■ Action item
Copy all the lines of the listing below exactly. Skip the images.

■ Data segment
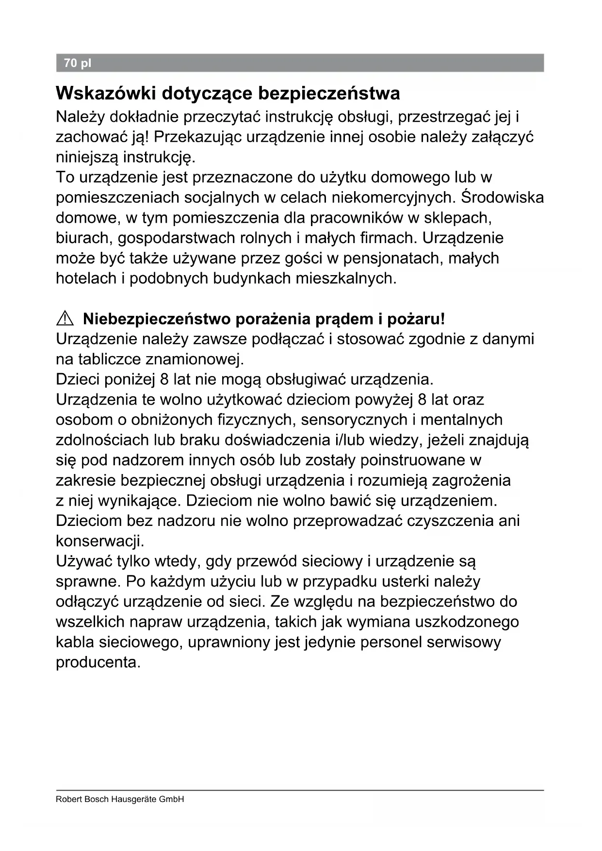 Niebezpieczeństwo porażenia prądem i pożaru! Urządzenie należy zawsze podłączać i stosować zgodnie z danymi na tabliczce znamionowej. Dzieci poniżej 8 lat nie mogą obsługiwać urządzenia. Urządzenia te wolno użytkować dzieciom powyżej 8 lat oraz osobom o obniżonych zycznych, sensorycznych i mentalnych zdolnościach lub braku doświadczenia i/lub wiedzy, jeżeli znajdują się pod nadzorem innych osób lub zostały poinstruowane w zakresie bezpiecznej obsługi urządzenia i rozumieją zagrożenia z niej wynikające. Dzieciom nie wolno bawić się urządzeniem. Dzieciom bez nadzoru nie wolno przeprowadzać czyszczenia ani konserwacji. Używać tylko wtedy, gdy przewód sieciowy i urządzenie są sprawne. Po każdym użyciu lub w przypadku usterki należy odłączyć urządzenie od sieci. Ze względu na bezpieczeństwo do wszelkich napraw urządzenia, takich jak wymiana uszkodzonego kabla sieciowego, uprawniony jest jedynie personel serwisowy producenta.71 PHC 9790 02/2013 71pl Kabla sieciowego nie wolno ● dotykać gorącymi elementami, ● prowadzić po ostrych krawędziach, ● stosować jako uchwytu do przenoszenia urządzenia. Przed rozpoczęciem czyszczenia należy odłączyć urządzenie od sieci. Nigdy nie zanurzać urządzenia w wodzie. Nie stosować urządzeń do czyszczenia parą. Element grzejny jest bardzo gorący. Urządzenie należy trzymać tylko za uchwyt. Stosować wyłącznie na suchych włosach. Nie wolno stosować na sztucznych włosach. Urządzenie należy umieszczać wyłącznie na powierzchniach odpornych na działanie wysokiej temperatury. Nie stosować w pobliżu wanien, umywalek lub innych zbiorników napełnionych wodą.
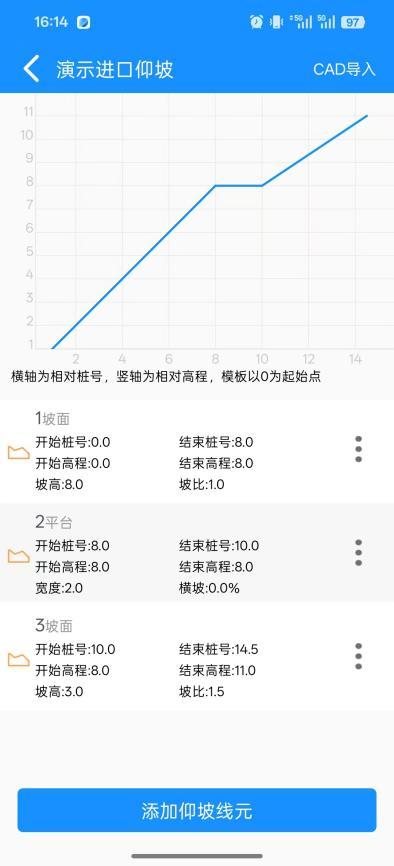 3.到坡面:实测点到设计坡面或平台的垂直距离。
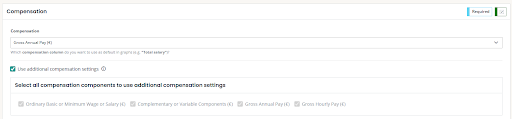 For usage in the Employee pay transparency report, check Use additional compensation settings and choose the relevant elements to include, usually a form of base salary, variable, benefits, and hourly pay. Keep in mind that you cannot configure hourly pay from annual pay within the system; this needs to be done during data preparation before the import.

■ Response area
 Niebezpieczeństwo porażenia prądem i pożaru! Urządzenie należy zawsze podłączać i stosować zgodnie z danymi na tabliczce znamionowej. Dzieci poniżej 8 lat nie mogą obsługiwać urządzenia. Urządzenia te wolno użytkować dzieciom powyżej 8 lat oraz osobom o obniżonych zycznych, sensorycznych i mentalnych zdolnościach lub braku doświadczenia i/lub wiedzy, jeżeli znajdują się pod nadzorem innych osób lub zostały poinstruowane w zakresie bezpiecznej obsługi urządzenia i rozumieją zagrożenia z niej wynikające. Dzieciom nie wolno bawić się urządzeniem. Dzieciom bez nadzoru nie wolno przeprowadzać czyszczenia ani konserwacji. Używać tylko wtedy, gdy przewód sieciowy i urządzenie są sprawne. Po każdym użyciu lub w przypadku usterki należy odłączyć urządzenie od sieci. Ze względu na bezpieczeństwo do wszelkich napraw urządzenia, takich jak wymiana uszkodzonego kabla sieciowego, uprawniony jest jedynie personel serwisowy producenta.71 PHC 9790 02/2013 71pl Kabla sieciowego nie wolno ● dotykać gorącymi elementami, ● prowadzić po ostrych krawędziach, ● stosować jako uchwytu do przenoszenia urządzenia. Przed rozpoczęciem czyszczenia należy odłączyć urządzenie od sieci. Nigdy nie zanurzać urządzenia w wodzie. Nie stosować urządzeń do czyszczenia parą. Element grzejny jest bardzo gorący. Urządzenie należy trzymać tylko za uchwyt. Stosować wyłącznie na suchych włosach. Nie wolno stosować na sztucznych włosach. Urządzenie należy umieszczać wyłącznie na powierzchniach odpornych na działanie wysokiej temperatury. Nie stosować w pobliżu wanien, umywalek lub innych zbiorników napełnionych wodą.
 3.到坡面:实测点到设计坡面或平台的垂直距离。
 For usage in the Employee pay transparency report, check Use additional compensation settings and choose the relevant elements to include, usually a form of base salary, variable, benefits, and hourly pay. Keep in mind that you cannot configure hourly pay from annual pay within the system; this needs to be done during data preparation before the import.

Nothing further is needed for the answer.